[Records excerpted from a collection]
/---
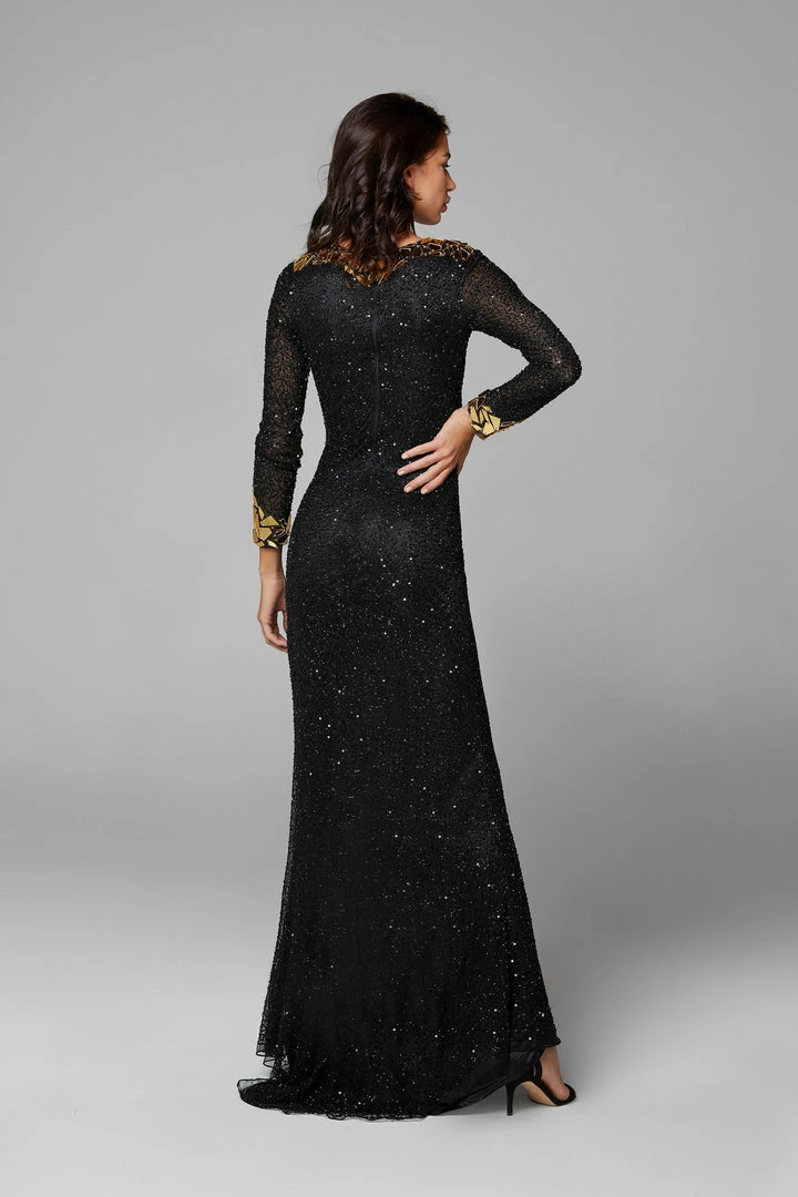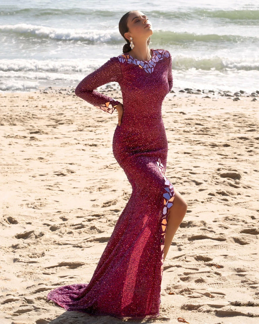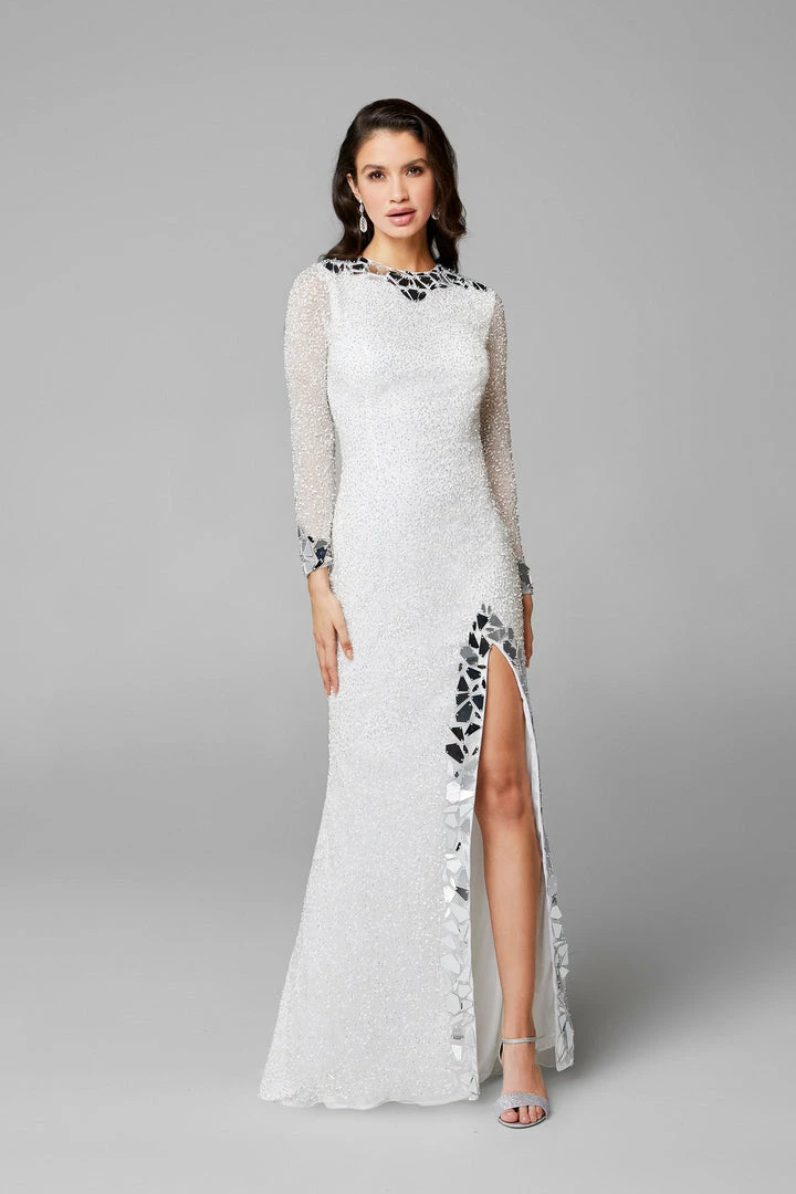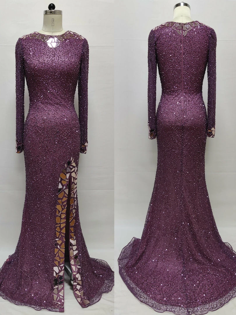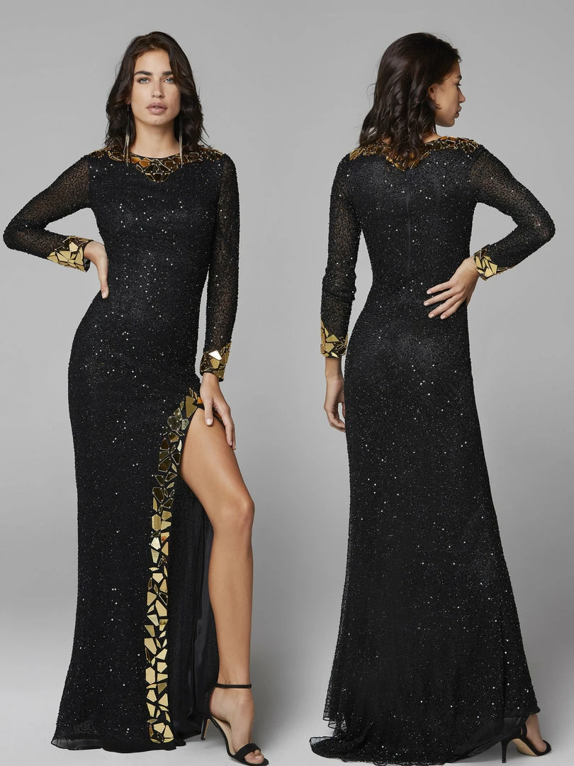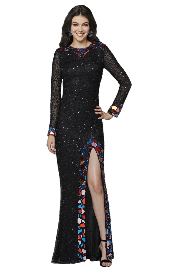Primavera Couture 3614 is a long sleeve fitted fully Embellished formal prom dress evening gown. Featuring a high neckline and long sheer sleeves. This gown is accented with cut glass pieces around the neckline, end of sleeves & Around the slit on this stunning Prom & Pageant Evening Gown. Sweeping train.
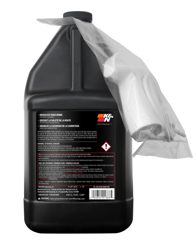K&N 99-0635 is a 1 US gallon bottle of Power Kleen air filter cleaner. K&N Air Filter Cleaner is the only cleaner recommended to clean K&N cotton air filter elements. K&N Power Kleen will bring your K&N oiled cotton air filter to like new condition. It works to dissolve the dirt build up and old filter oil, then it can be washed away with water. The use of any other cleaning solution can void the filter's warranty. It is so good at cleaning greasy dirt and grime that it can also be used as an industrial strength degreaser by removing deposits from most surfaces including cotton air filters, painted surfaces, chrome, plastic and more!
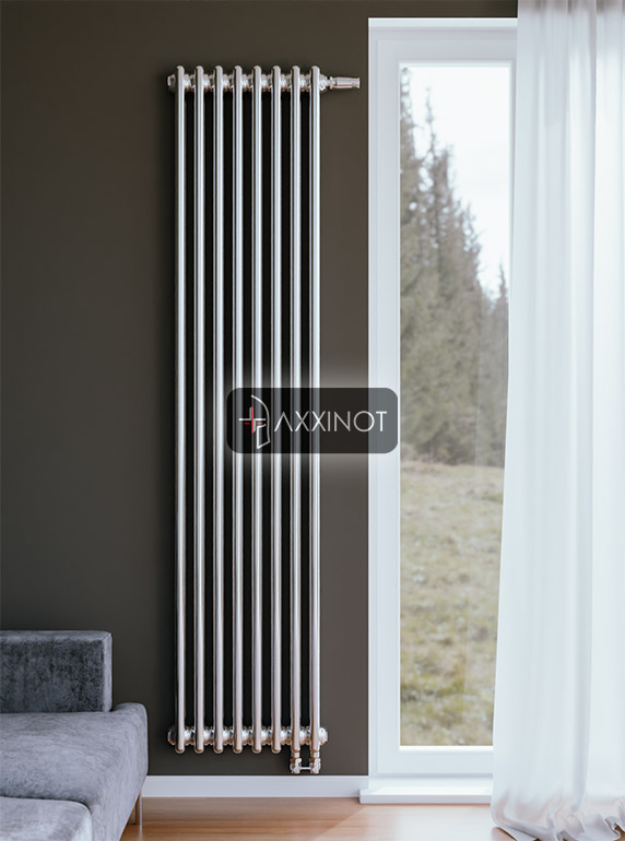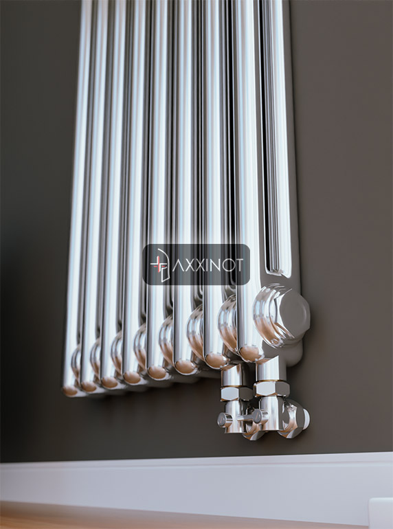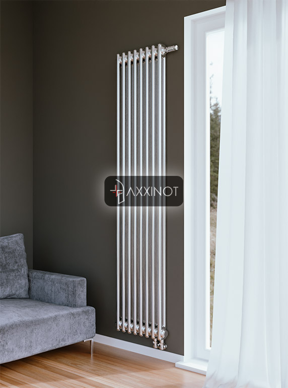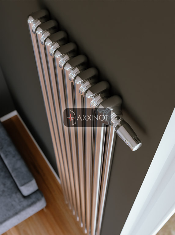 Вертикальный дизайн-радиатор Axxinot Sentir Chrome 2180 с нижним подключением и предустановленным термовентилем — это гармоничное объединение монументальной эстетики и интеллектуального управления микроклиматом. Высота 1800 метров превращает прибор в эффектную архитектурную вертикаль, которая преображает пространство, визуально увеличивая высоту потолков и добавляя интерьеру графической выразительности. Зеркальное хромирование отражает свет и окружающие предметы, делая радиатор легким и воздушным, несмотря на его внушительные габариты.
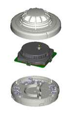 Habár az optikai kamra viszonylag mély, az érzékelő mégis lapos, mert egy új konstrukciós megoldással a kamrát belesüllyesztették az érzékelő alkatrészei közé, az áramköri lemezbe.
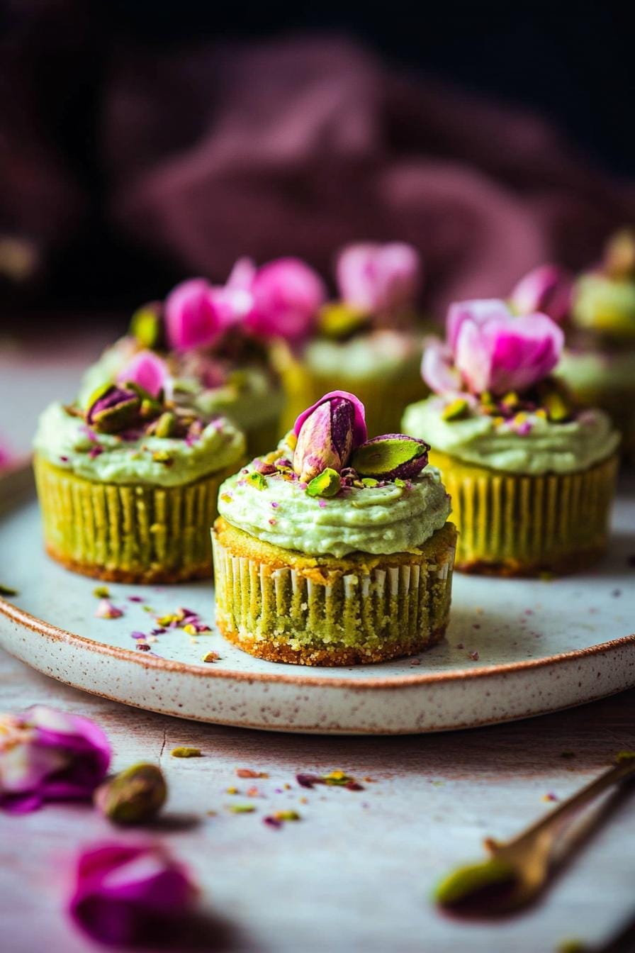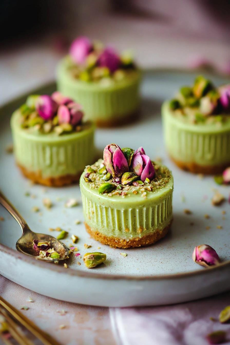 Arrange Mini Pistachio Cheesecake on a platter with a drizzle of honey, a sprinkle of chopped pistachios and a few fresh berries. They pair wonderfully with a bright espresso or a lightly sweetened green tea.
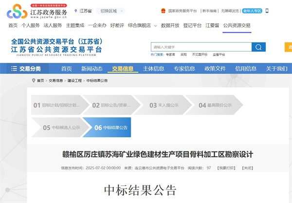 近日,中國電建集團華東勘測設(shè)計研究院有限公司成功中標(biāo)江蘇連云港贛榆區(qū)厲莊鎮(zhèn)蘇海礦業(yè)綠色建材生產(chǎn)項目骨料加工區(qū)勘察設(shè)計評標(biāo)結(jié)果公示。中標(biāo)金額445萬元。
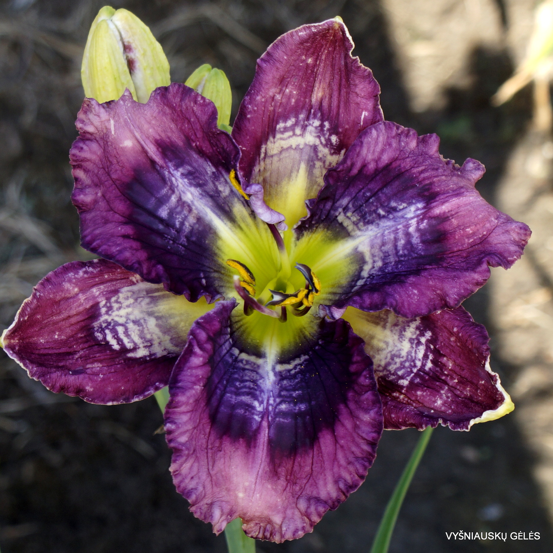 Žiedai nemaži (17 cm skersmens) purpuriniai su tamsiai purpurine, raibuliuojančia akimi. A – 70 cm
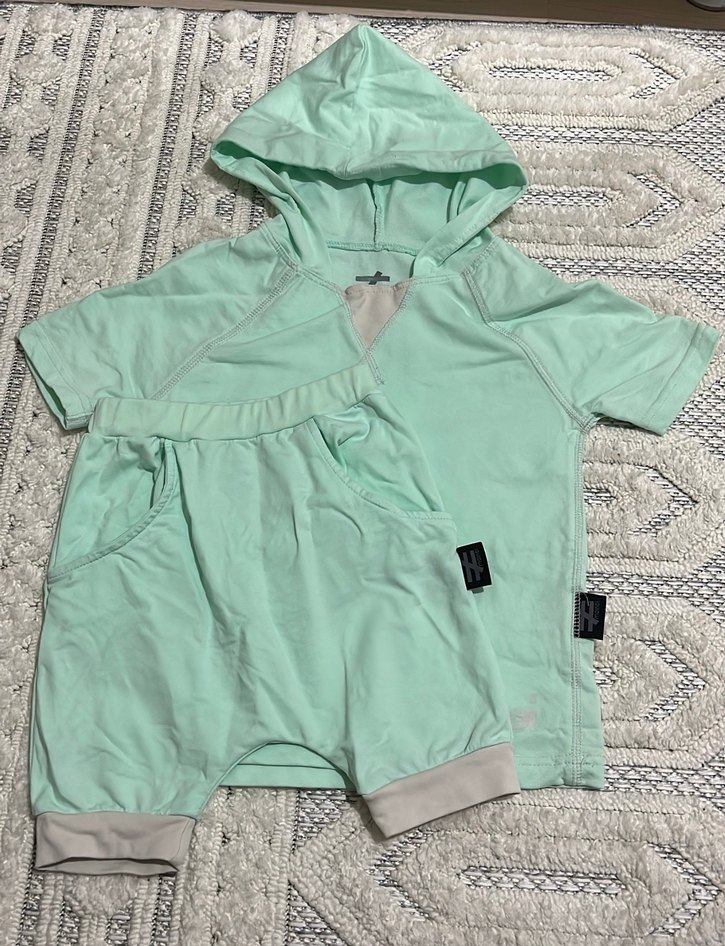 Pastel yeşil renkte, kapüşonlu ve kısa kollu bebek erkek kıyafet seti. Yumuşak ve sıcak kumaştan, rahat manşetli şort ile uyumlu, zahmetsiz şıklık sunar. 4 yaş
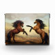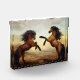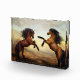 Zwei wilde Pferde, die dort schwarze seidene Mähne aufziehen, die im Wind wehen. www.giftideas505.com
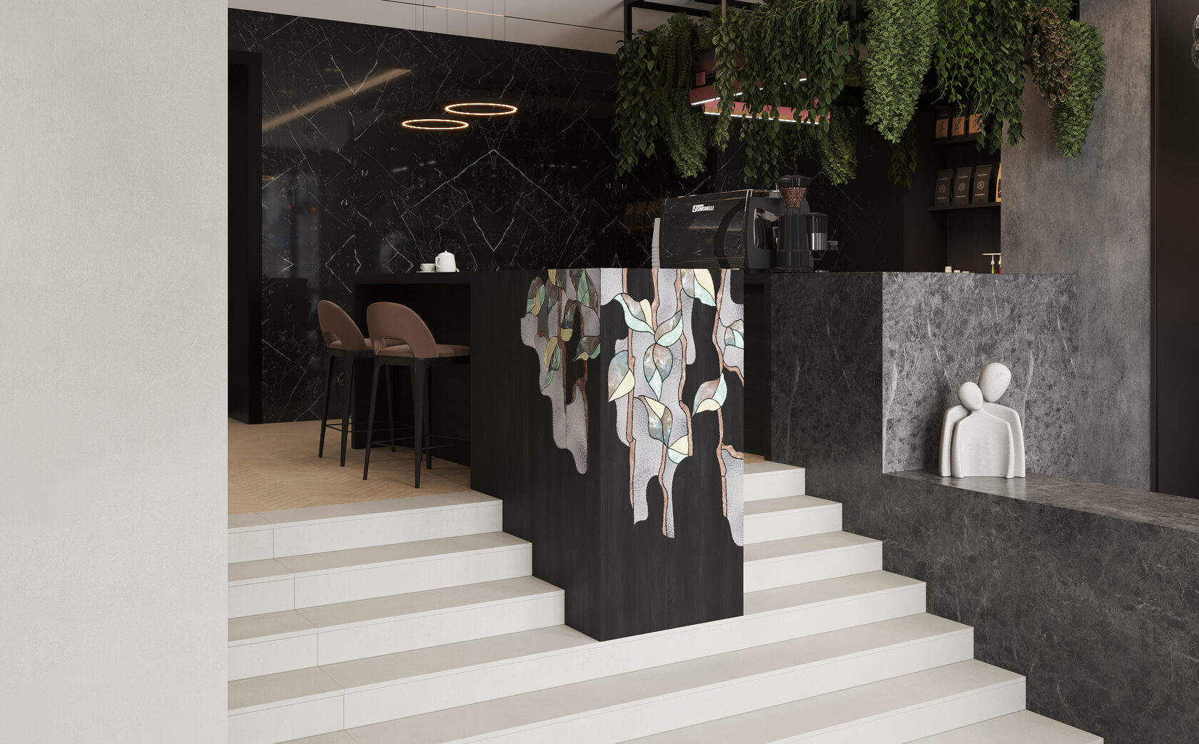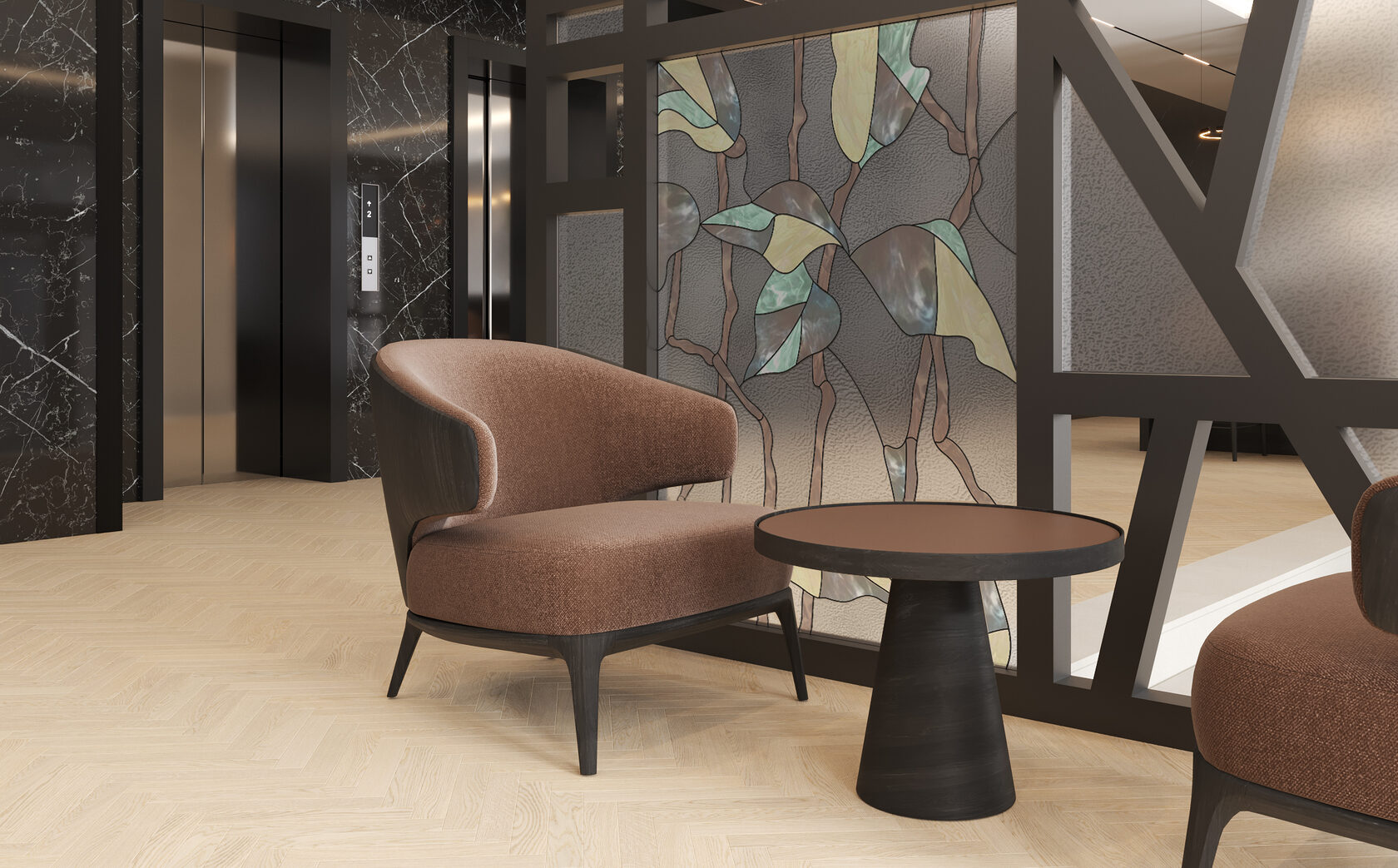Запоминающийся и узнаваемый дизайн интерьера в отеле, один из способов завоевать постоянных клиентов. Первое мнение формируется по картинке, а потом по качеству сервиса. Достигнуто максимум комфорта, тепла и спокойствия в дизайне мебели, линиях интерьера и цветах отделки. Особым украшением являются витражи. Рисунок и палитра цвета наполняют интерьер утренней свежестью и покоем.
\---
(Problem requirements)
Would you output each entry exactly and leave the pictures behind?

(Result)
Primavera Couture 3614 is a long sleeve fitted fully Embellished formal prom dress evening gown. Featuring a high neckline and long sheer sleeves. This gown is accented with cut glass pieces around the neckline, end of sleeves & Around the slit on this stunning Prom & Pageant Evening Gown. Sweeping train.
K&N 99-0635 is a 1 US gallon bottle of Power Kleen air filter cleaner. K&N Air Filter Cleaner is the only cleaner recommended to clean K&N cotton air filter elements. K&N Power Kleen will bring your K&N oiled cotton air filter to like new condition. It works to dissolve the dirt build up and old filter oil, then it can be washed away with water. The use of any other cleaning solution can void the filter's warranty. It is so good at cleaning greasy dirt and grime that it can also be used as an industrial strength degreaser by removing deposits from most surfaces including cotton air filters, painted surfaces, chrome, plastic and more!
 Вертикальный дизайн-радиатор Axxinot Sentir Chrome 2180 с нижним подключением и предустановленным термовентилем — это гармоничное объединение монументальной эстетики и интеллектуального управления микроклиматом. Высота 1800 метров превращает прибор в эффектную архитектурную вертикаль, которая преображает пространство, визуально увеличивая высоту потолков и добавляя интерьеру графической выразительности. Зеркальное хромирование отражает свет и окружающие предметы, делая радиатор легким и воздушным, несмотря на его внушительные габариты.
 Habár az optikai kamra viszonylag mély, az érzékelő mégis lapos, mert egy új konstrukciós megoldással a kamrát belesüllyesztették az érzékelő alkatrészei közé, az áramköri lemezbe.
 Arrange Mini Pistachio Cheesecake on a platter with a drizzle of honey, a sprinkle of chopped pistachios and a few fresh berries. They pair wonderfully with a bright espresso or a lightly sweetened green tea.
 近日,中國電建集團華東勘測設(shè)計研究院有限公司成功中標(biāo)江蘇連云港贛榆區(qū)厲莊鎮(zhèn)蘇海礦業(yè)綠色建材生產(chǎn)項目骨料加工區(qū)勘察設(shè)計評標(biāo)結(jié)果公示。中標(biāo)金額445萬元。
 Žiedai nemaži (17 cm skersmens) purpuriniai su tamsiai purpurine, raibuliuojančia akimi. A – 70 cm
 Pastel yeşil renkte, kapüşonlu ve kısa kollu bebek erkek kıyafet seti. Yumuşak ve sıcak kumaştan, rahat manşetli şort ile uyumlu, zahmetsiz şıklık sunar. 4 yaş
 Zwei wilde Pferde, die dort schwarze seidene Mähne aufziehen, die im Wind wehen. www.giftideas505.com
Запоминающийся и узнаваемый дизайн интерьера в отеле, один из способов завоевать постоянных клиентов. Первое мнение формируется по картинке, а потом по качеству сервиса. Достигнуто максимум комфорта, тепла и спокойствия в дизайне мебели, линиях интерьера и цветах отделки. Особым украшением являются витражи. Рисунок и палитра цвета наполняют интерьер утренней свежестью и покоем.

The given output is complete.